The Executive Committee has voted to change the schedule of elections of DSPP's officers. Previously, officers have been elected after the close of the organization's program year, i.e., early in the summer, and have taken office immediately. To allow officers time to prepare for the duties of their positions, the Executive Committee has decided to hold elections in November each year for officers whose terms will begin the next summer.

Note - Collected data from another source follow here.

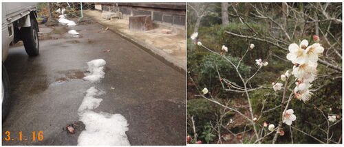 昨日はずいぶんあたたかくなりました 屋根から落ちた雪もとけ、梅が咲きました 三隅久原の方から、久原にはおってない「村上」という墓があると聞き、見にいきました 立派で、町人の墓ではないようです 両横に女性の名前、中央の人は、院をもらっていません …
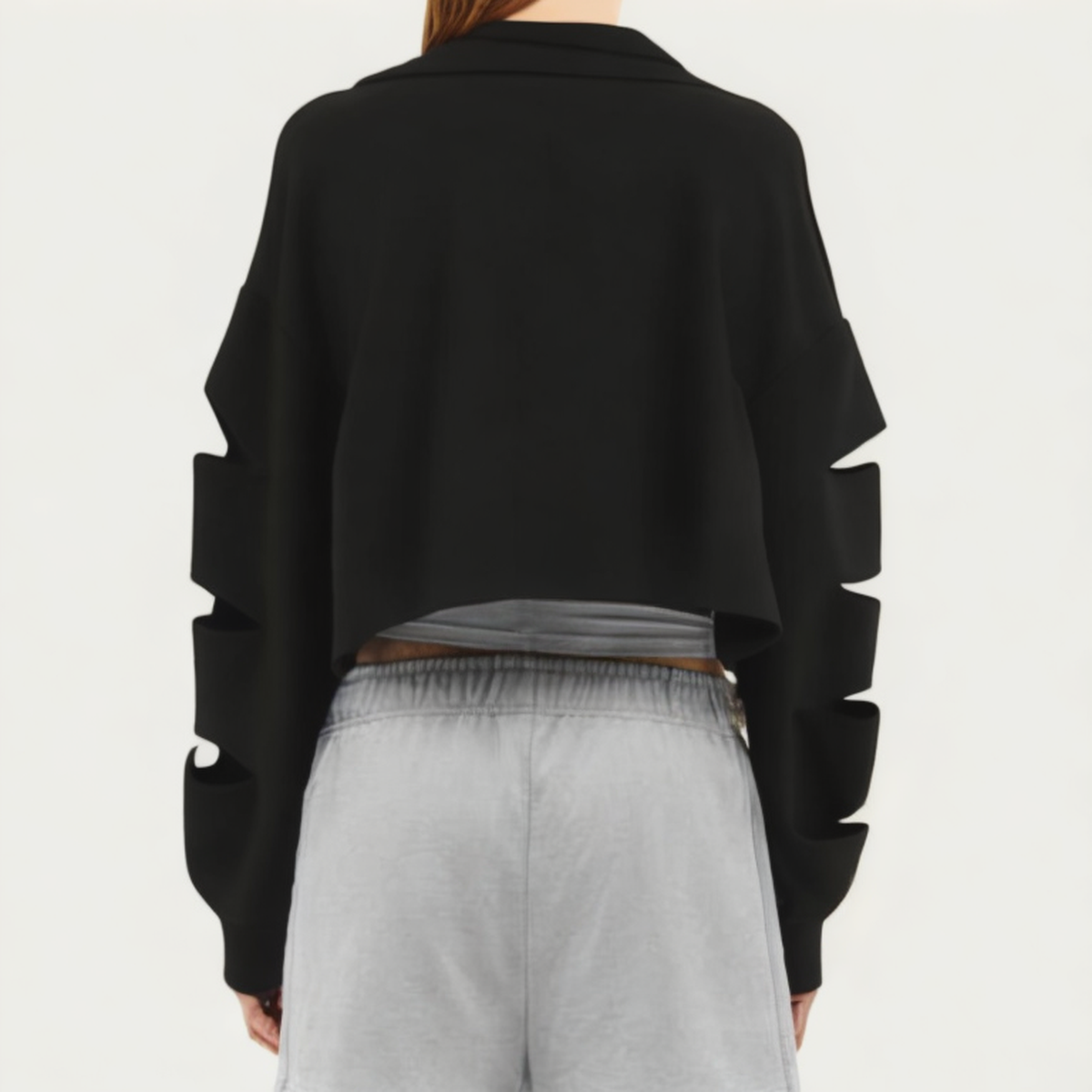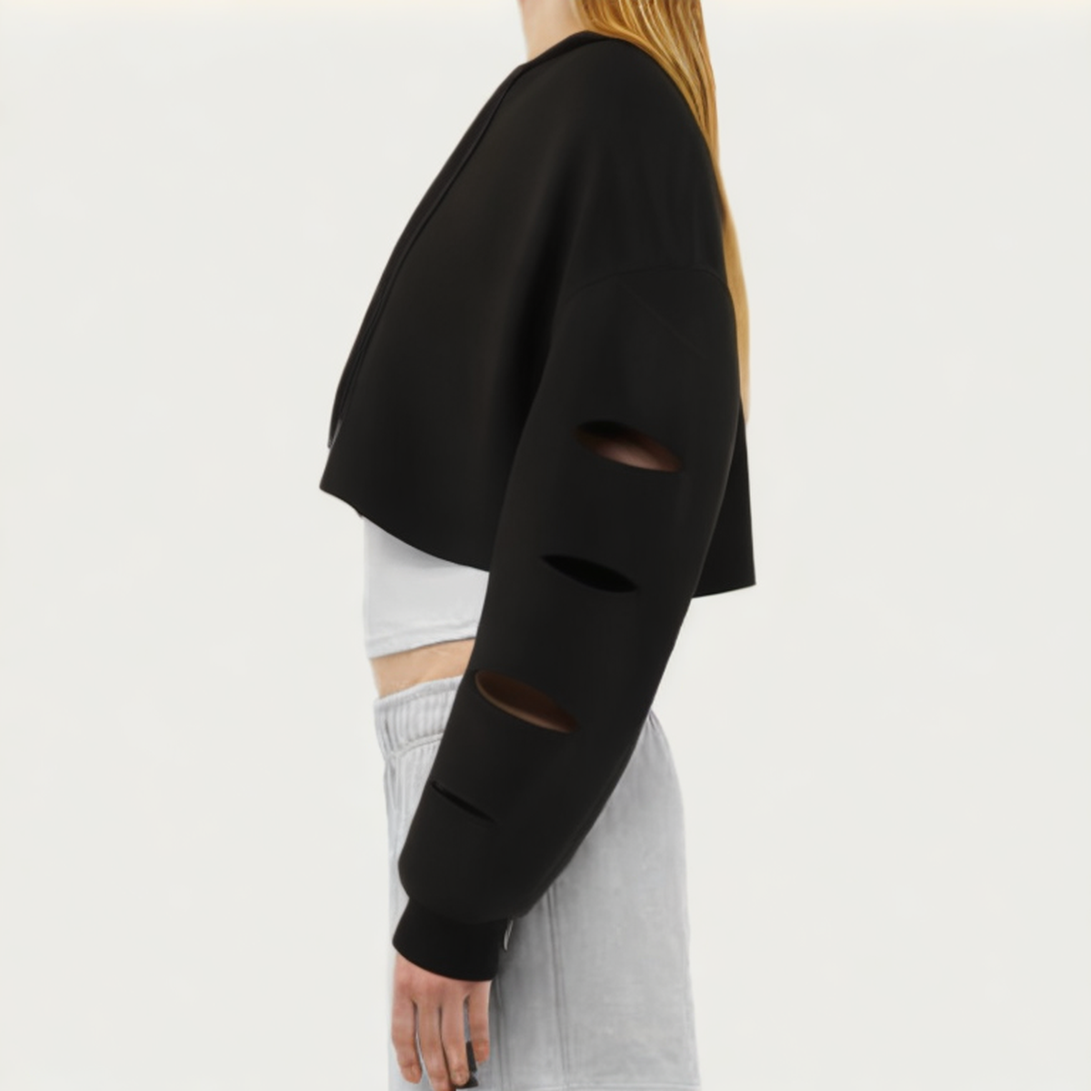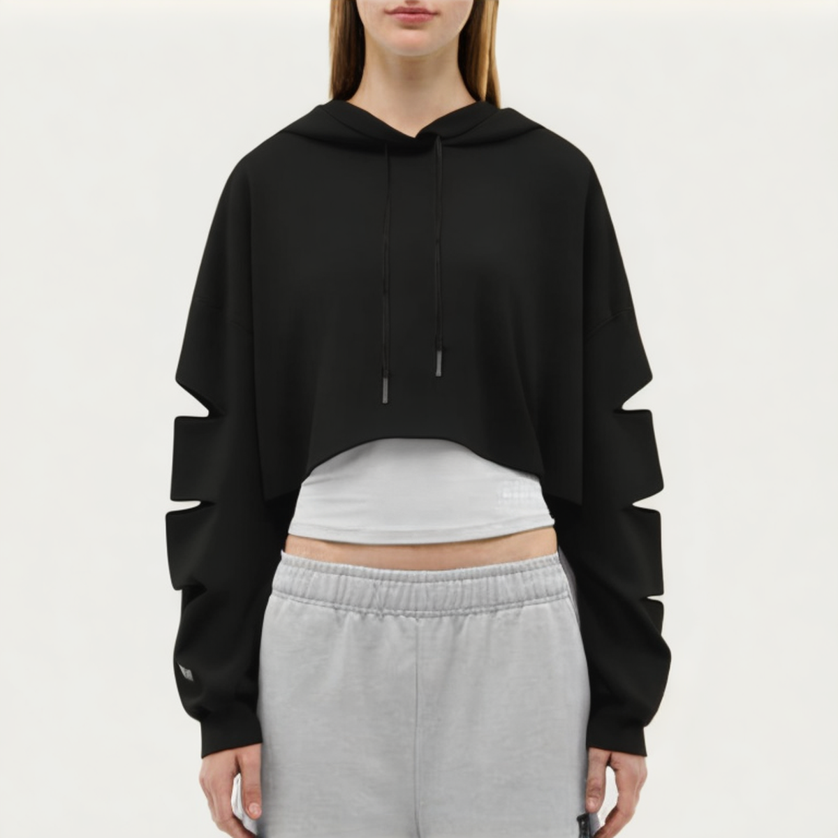 This loose-fitting long-sleeved T-shirt for women is stylish and functional with a practical hoodie. The solid color design is simple yet stylish, suitable for a variety of occasions. The hollow long sleeves add breathability and style, and the elastic cuffs provide you with a comfortable wearing experience. The loose version allows more freedom of movement, suitable for leisure time or outdoor activities.
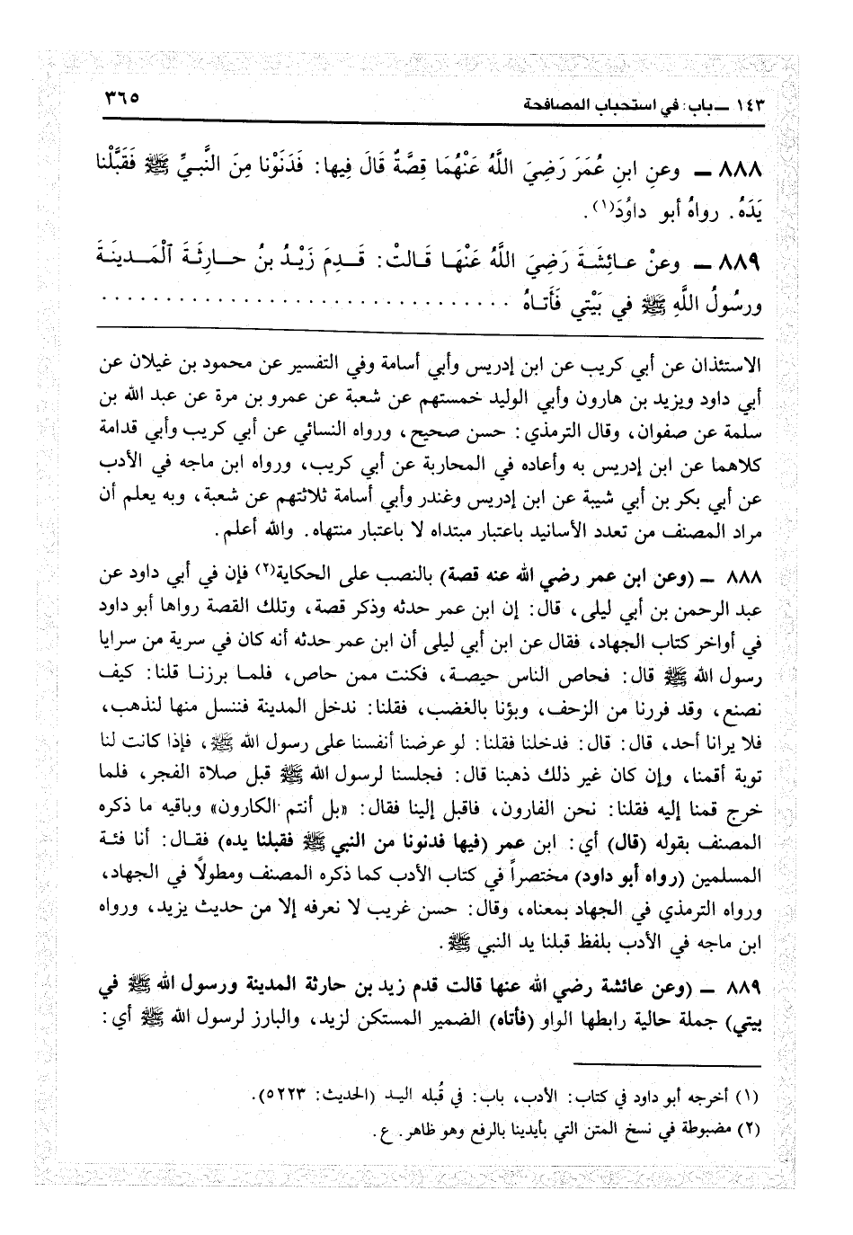 6890 - (وعن ابن عمر رضي الله عنهما قصة) بالنصب على الحكاية، أن في أبي داود عن عبد الرحمن بن أبي ليلى قال «إن ابن عمر حدثه وذكر قصة» وتلك القصة رواها أبو داود في أواخر كتاب الجهاد فقال عن أبي ليلى أن ابن عمر حدثه «أنه كان في سرية من سرايا رسول الله، قال: فحاص الناس حيصة فكنت ممن حاص، فلما برزنا قلنا: كيف نصنع وقد فررنا من الزحف وبؤنا بالغضب؟ فقلنا لدخل المدينة فننسل منها لذهب فلا يرانا أحد، قال: قال فدخلنا فقلنا لو عرضنا أنفسنا على رسول الله فإذا كانت لنا توبة أقمنا وإن كان غير ذلك ذهبنا، قال: فجلسنا لرسول الله قبل صلاة الفجر، فلما خرج قمنا إليه فقلنا: نحن الفارّون، فأقبل إلينا فقال: بل أنتم الكارّون» وباقيه ما ذكره المصنف بقوله (قال) أي ابن عمر (فيها فدنونا من النبي فقلبنا يده) فقال: إنا فئة المسلمين (رواه أبو داود) مختصراً في كتاب الأدب كما ذكره المصنف ومطولاً في الجهاد، ورواه الترمذي في الجهاد بمعناه وقال: حسن غريب لا نعرفه إلا من حديث يزيد، ورواه ابن ماجه في الادب بلفظ قبلنا يد النبي.

You can expect to receive a ballot for next year's officers in November, 1998 along with associated by-laws changes recommended by the Executive Committee.

 

COMMUNITY RELATIONS COMMITTEE

The DSPP/Fairhill Scholarship Competition, in its second year, will now include two $1000.00 cash awards, one for undergraduate student papers and one for graduate student papers. A flyer on this year's competition is included in this Bulletin.

The CRC is putting together a list of DSPP members who are willing to assist the media by providing commentary and/or information on various issues. They may also be willing to appear on various television and radio programs addressing topics within their areas of expertise. For more information, contact Bill Gordon III, Ph.D. at: 972 233 1026 (telephone), 972 233 8205 (fax), WKGIII@aol.com (e-mail)

DSPP has a new Web Site. Check it out at: http://www.dspp.com

CONTINUING EDUCATION

Elena Blum, MA, LPC has taken over as Chair of the Continuing Education Committee. Look for her at the registration table each month to ask your questions about continuing education credits.

ARTS COMMITTEE EVENTS

Sunday November 22, 4:00 PM

LIFE LINES:

RIBBONS ON AND OFF THE PAGE

Gallery Show and Talk

Mexican Spirit House Ribbon and Pastel Paintings

by

Wendy Faris, Ph.D.

1547 Eastus Drive,Dallas, Texas 75208

Cocktails and Hors-Oeuvres

Dr. Faris will exhibit her paintings and comment on their inspiration and development. Her interests include "magical realism", a movement which provides "an infusion of spirit into everyday life." She has published a book on the topic: Ecstatic Flights: Magical Realism as Shamanistic Narrative. Her spirit houses draw on magical realism; the archetype of the house as the residence of the self, spirit, or soul; and artistic/psychological explorations using fabrics, pastel chalk, and stitch work.

Professor of comparative literature at the University of Texas - Arlington, Dr. Faris holds a B.A. in Spanish Literature from Stanford and master's and doctorate degrees in Comparative Literature from Harvard. She is the author of: Labyrinths of Language: Symbolic Landscape and Narrative Design in Modern Fiction. and Carlos Fuentes.

Take I-30 west to the Sylvan Lane exit. Go south on Sylvan; take immediate left on Kessler Parkway. Go one block; turn right on Eastus Drive. For information call: Judith Samson (214 750 7692) or Wendy Faris (214 948 1828).

 

Sunday, December 6, 5:00 PM

THE WHOLE WIDE WORLD

Directed by Dan Ireland.

Based on Novalyn Price's memoirs of her complex relationship with pulp fiction writer, Robert E. Howard.

hosted by

Sandra Pitts, Ph.D.

5017 Swiss Avenue, Dallas, Texas 75214

214-826-0583

Discussion on psychoanalytic issues will follow.